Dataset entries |
++++++++++++++++++++

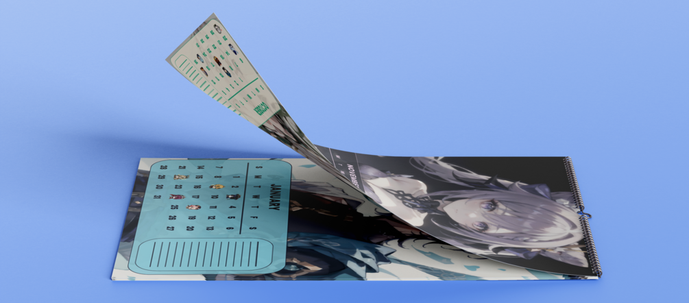 Our calendar is a visual masterpiece, featuring very high qualuity artworks of your beloved Genshin Impact characters, hence you can have print sizes spanning as big as 23 x 33 INCHES. From the vibrant city of Mondstadt to the mystical Fontaine, each month unveils a new piece of art that captures the essence of characters. Get ready to be captivated by the stunning designs and meticulous attention to detail.
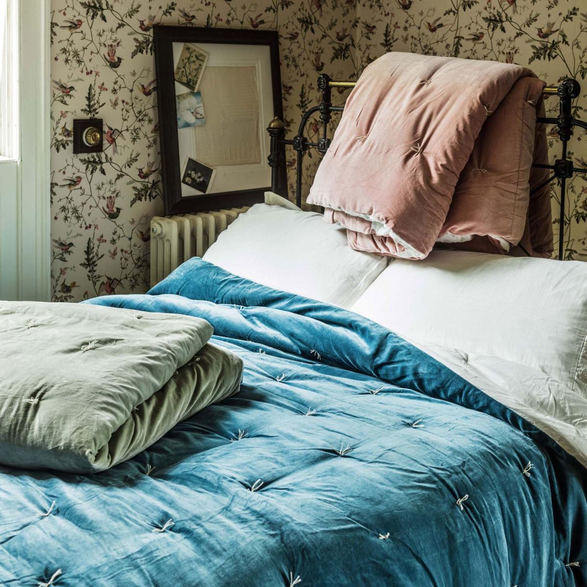 A super king size quilt handmade from luxurious cotton velvet with hand-knotted tassel detailing and an ivory cotton voile reverse.
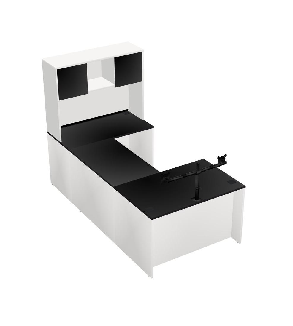 Office U-shaped Desk Credenza Desk + Hutch + Monitor Arm (double Arms)
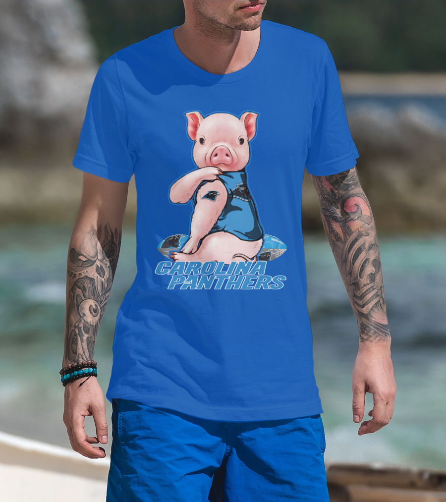 Pig Wearing Carolina Panthers Jersey With Football T-Shirt
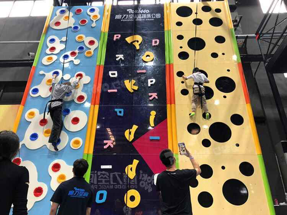 The art rock climbing wall features vibrant colors and diverse shapes. Our venue boasts a unique design with clouds, cheese, and the Pokiddo logo. Standing at nearly 8 meters tall, it offers an incredibly challenging and thrilling experience!
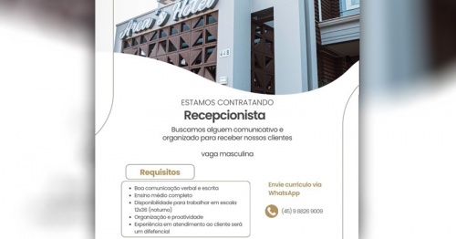 O Arca's Hotel, localizado em Toledo, está com uma excelente oportunidade de emprego para o cargo de recepcionista (vaga masculina). A posição é destinada ao turno noturno, com escala de trabalho 12x36, garantindo horários organizados e compatíveis para quem busca estabilidade e desenvolvimento profissional.
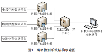 照明檢測(cè)系統(tǒng)結(jié)構(gòu)如圖1所示。(1)實(shí)現(xiàn)車載全景亮度計(jì)對(duì)隧道路面亮度值的采集工作并進(jìn)行數(shù)據(jù)庫(kù)存儲(chǔ):(2)實(shí)現(xiàn)多點(diǎn)隧道路面照度信息的采集工作并進(jìn)行數(shù)據(jù)庫(kù)存儲(chǔ):(3)實(shí)現(xiàn)所采集數(shù)據(jù)與采集點(diǎn)位置信息一一對(duì)應(yīng):(4)根據(jù)同一位置全景亮度信息和照度信息進(jìn)行建模,去除偏離點(diǎn),得到亮度與照度信息轉(zhuǎn)換函數(shù),可對(duì)數(shù)據(jù)進(jìn)行二次校準(zhǔn),達(dá)到隧道照明數(shù)據(jù)快速檢測(cè)、相對(duì)穩(wěn)定可靠、標(biāo)準(zhǔn)均一的目的:(5)完成隧道照明智能檢測(cè)系統(tǒng)軟件,使其具備自校準(zhǔn)功能,可生成全隧道照度信息分布表,多次測(cè)量可得出燈具衰耗曲線。
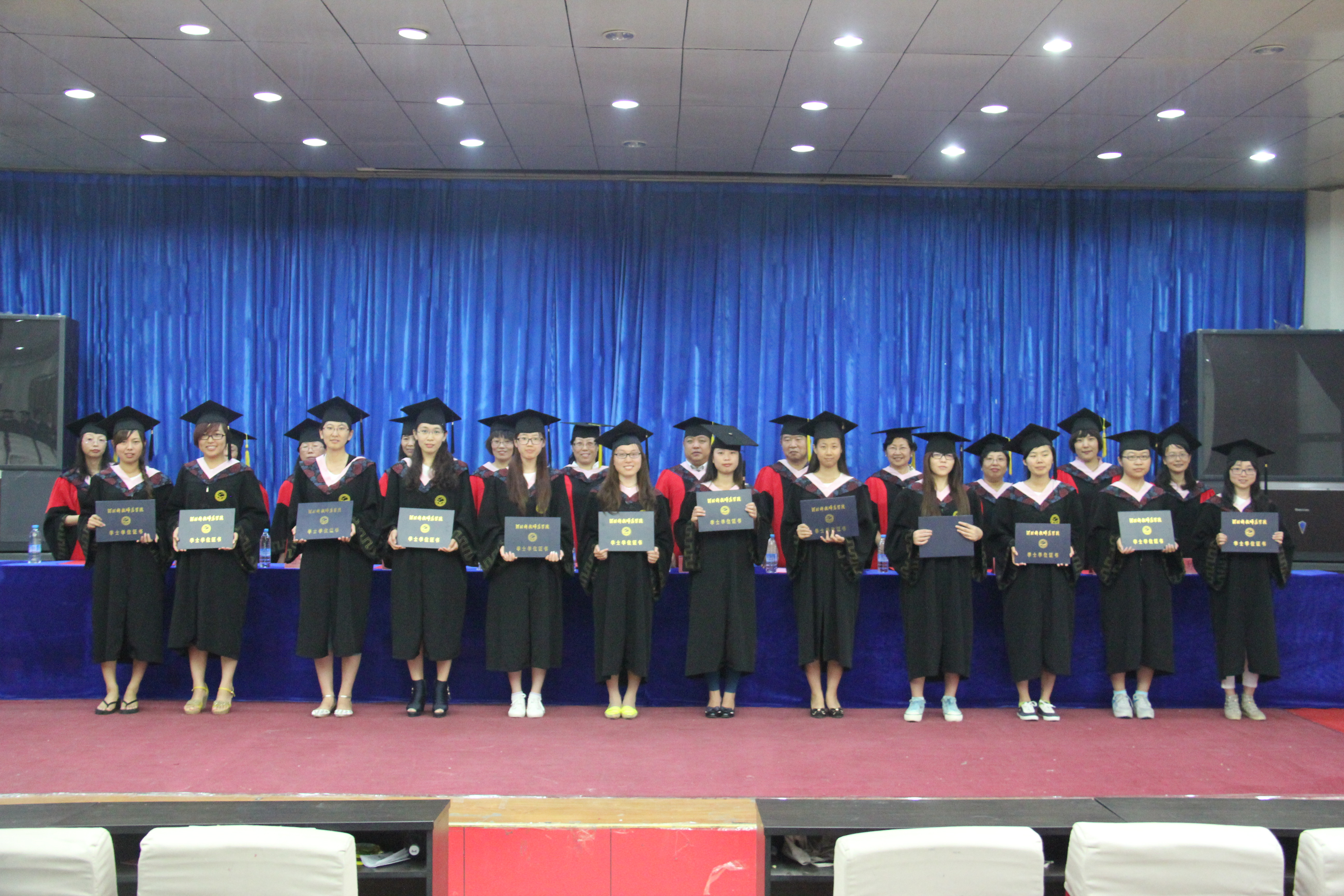 毕业典礼之后,公司举行2014届本科毕业生学位授予仪式。首先崔海英教授宣读学位评定委员会主席的委托词,之后,太阳成集团tyc122cc经理邵丽君教授宣读授予学位的决议和名单,最后由各位导师为太阳成集团tyc122cc126名获得学士学位的毕业生颁发学位证书。

++++++++++++++++++++

Print an exact copy of the lines above, from the one containing "Pig Wearing Carolina" through the one containing "O Arca's Hotel, localizado", and leave out the pictures.

Solved exercise |
 Pig Wearing Carolina Panthers Jersey With Football T-Shirt
 The art rock climbing wall features vibrant colors and diverse shapes. Our venue boasts a unique design with clouds, cheese, and the Pokiddo logo. Standing at nearly 8 meters tall, it offers an incredibly challenging and thrilling experience!
 O Arca's Hotel, localizado em Toledo, está com uma excelente oportunidade de emprego para o cargo de recepcionista (vaga masculina). A posição é destinada ao turno noturno, com escala de trabalho 12x36, garantindo horários organizados e compatíveis para quem busca estabilidade e desenvolvimento profissional.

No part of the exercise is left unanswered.